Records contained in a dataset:
************
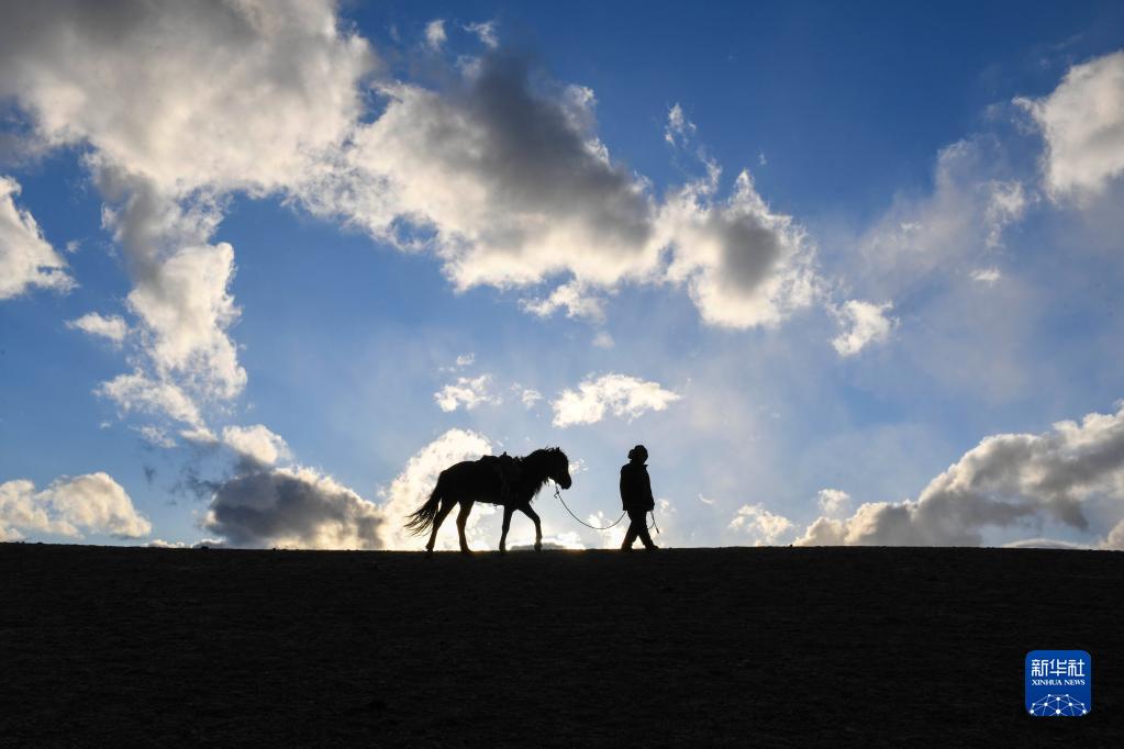 牧歸時(shí)分,哈布得拉什么牽著(zhù)馬走在春草場(chǎng)的一處高坡上,觀(guān)看羊群吃草的情況(4月12日攝)。他習慣提前找到羊群,然后等待至太陽(yáng)下山,才將羊群緩緩趕回家。
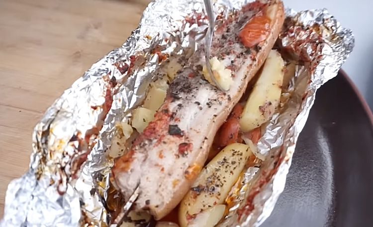 Шашлык в фольге с добавлением овощных ингредиентов. При таком способе мясо пропекается равномернее, сохраняя весь сок и напитывая им то, что позже станет гарниром.
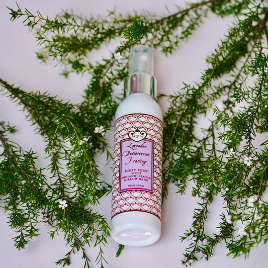 Bruma corporal hidratante con glaseado de crema de mantequilla y lavanda, aloe orgánico y corteza de sauce
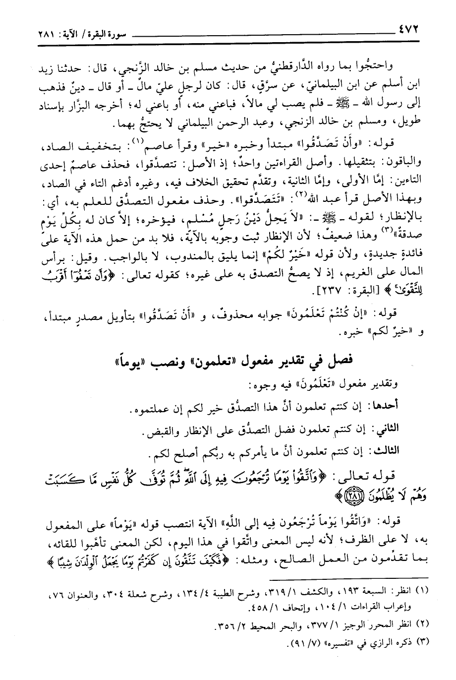 قوله: {واتقوا يَوْماً تُرْجَعُونَ فِيهِ إِلَى الله} الآية انتصب قوله «يَوْماً» على المفعول به، لا على الظرف؛ لأنه ليس المعنى واتَّقوا في هذا اليوم، لكن المعنى تأهَّبوا للقائه، بما تقدِّمون من العمل الصالح، ومثله: {فَكَيْفَ تَتَّقُونَ إِن كَفَرْتُمْ يَوْماً يَجْعَلُ الولدان شِيباً} [
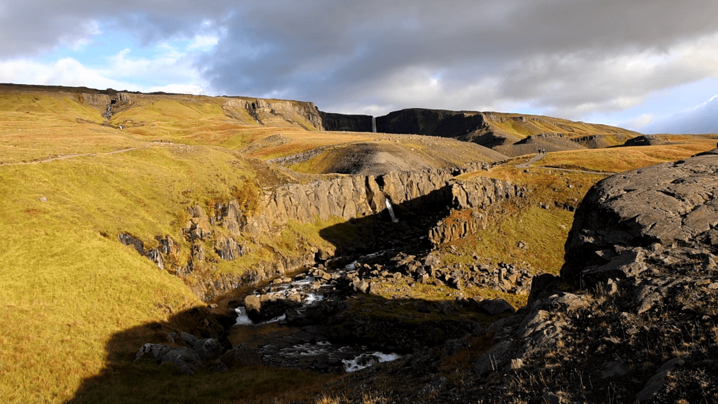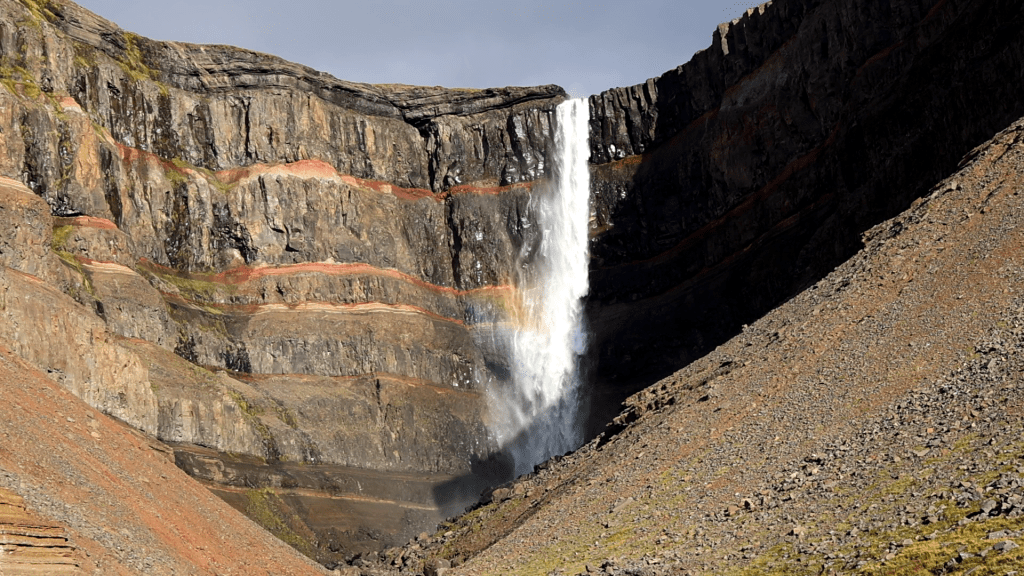Das Wechselspiel zwischen Sonne und Wolken sorgte dann noch dafür, dass der Hengifoss im Minutentakt in anderem Licht zu sehen war. Manchmal gab es einen Regenbogen dazu, manchmal wehte eine Windböe einen weiten Schleier aus dem Wasserfall. Man kann hier schon eine Weile sitzen und staunen. Das tat ich auch und war wieder einmal sehr glücklich mit der Welt und mir.
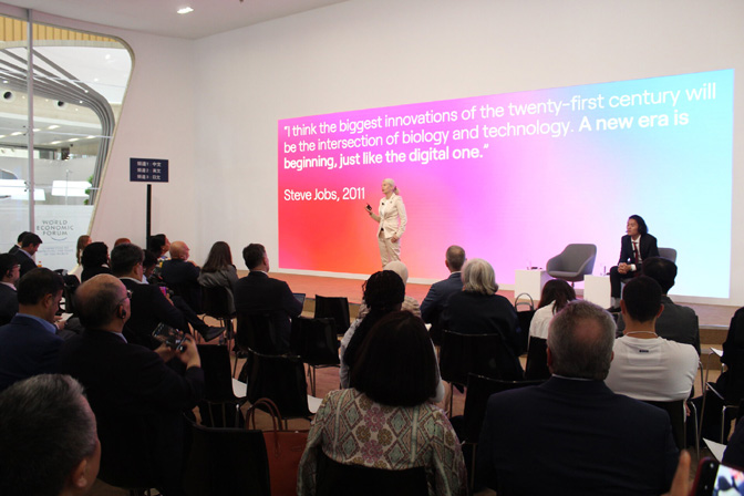 Јелена Беговић на панелу Светског економског форума под називом „Решење је у биологији“, Тјенђину, Кина, 27. јун 2023. (Фото: Министарство науке)
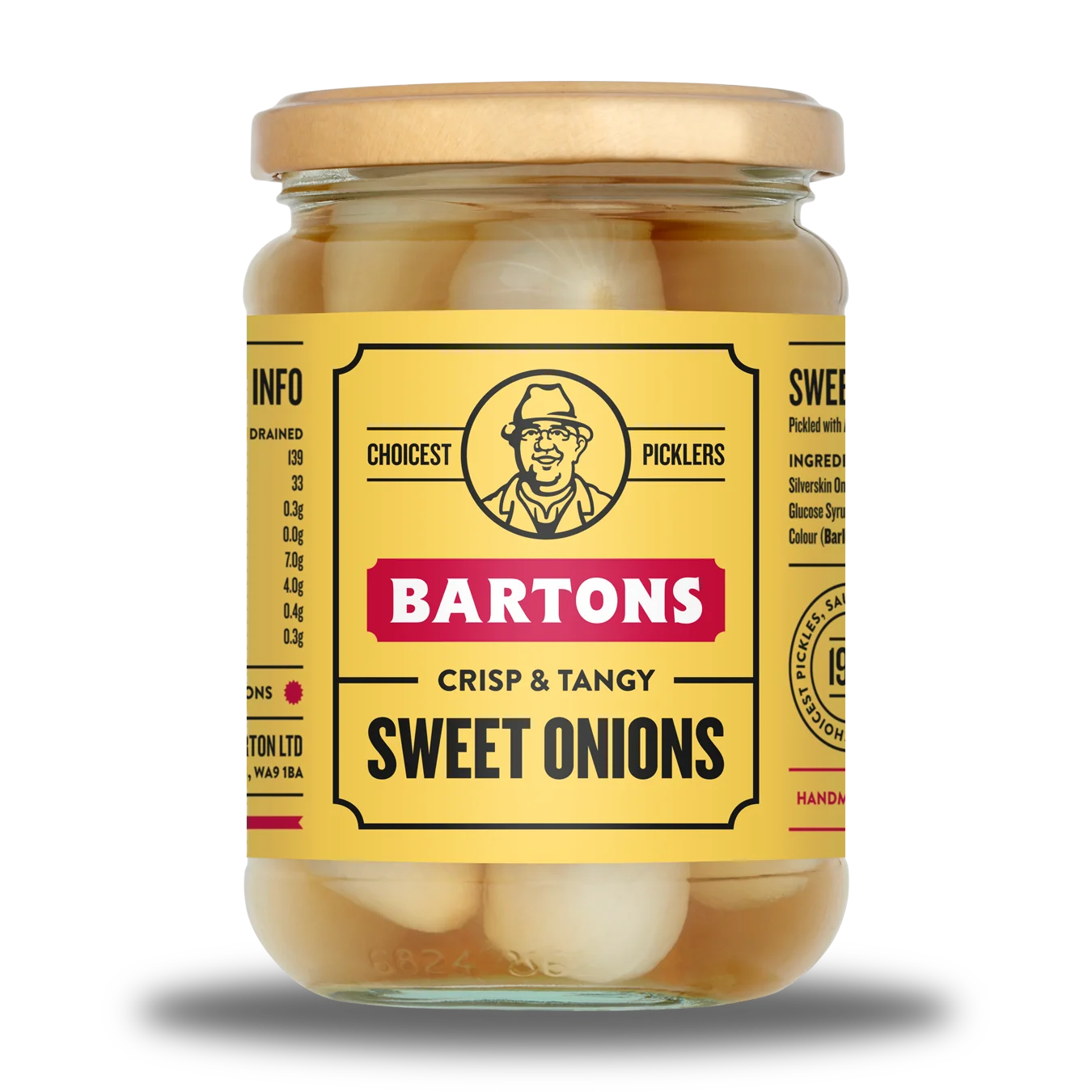 Bartons Sweet Onions in Vinegar is a pickle preserved with vinegar and salt. Eaten alongside Traditional English Fish and Chips or as part of a Pub ploughman’s lunch. These small white pickled onions are known as ‘silverskin’ onions, frequently used as an essential component of a salad or can be served on sticks and known as the ‘Party Onion’. They are also available in unsweetened vinegar.
************
## Task prompt
Please give again the entries word for word, starting at the first line and ending with the line that contains "يَوْماً تُرْجَعُونَ فِيهِ"; include both of those lines but none of the pictures.

## Solution to the exercise
 牧歸時(shí)分,哈布得拉什么牽著(zhù)馬走在春草場(chǎng)的一處高坡上,觀(guān)看羊群吃草的情況(4月12日攝)。他習慣提前找到羊群,然后等待至太陽(yáng)下山,才將羊群緩緩趕回家。
 Шашлык в фольге с добавлением овощных ингредиентов. При таком способе мясо пропекается равномернее, сохраняя весь сок и напитывая им то, что позже станет гарниром.
 Bruma corporal hidratante con glaseado de crema de mantequilla y lavanda, aloe orgánico y corteza de sauce
 قوله: {واتقوا يَوْماً تُرْجَعُونَ فِيهِ إِلَى الله} الآية انتصب قوله «يَوْماً» على المفعول به، لا على الظرف؛ لأنه ليس المعنى واتَّقوا في هذا اليوم، لكن المعنى تأهَّبوا للقائه، بما تقدِّمون من العمل الصالح، ومثله: {فَكَيْفَ تَتَّقُونَ إِن كَفَرْتُمْ يَوْماً يَجْعَلُ الولدان شِيباً} [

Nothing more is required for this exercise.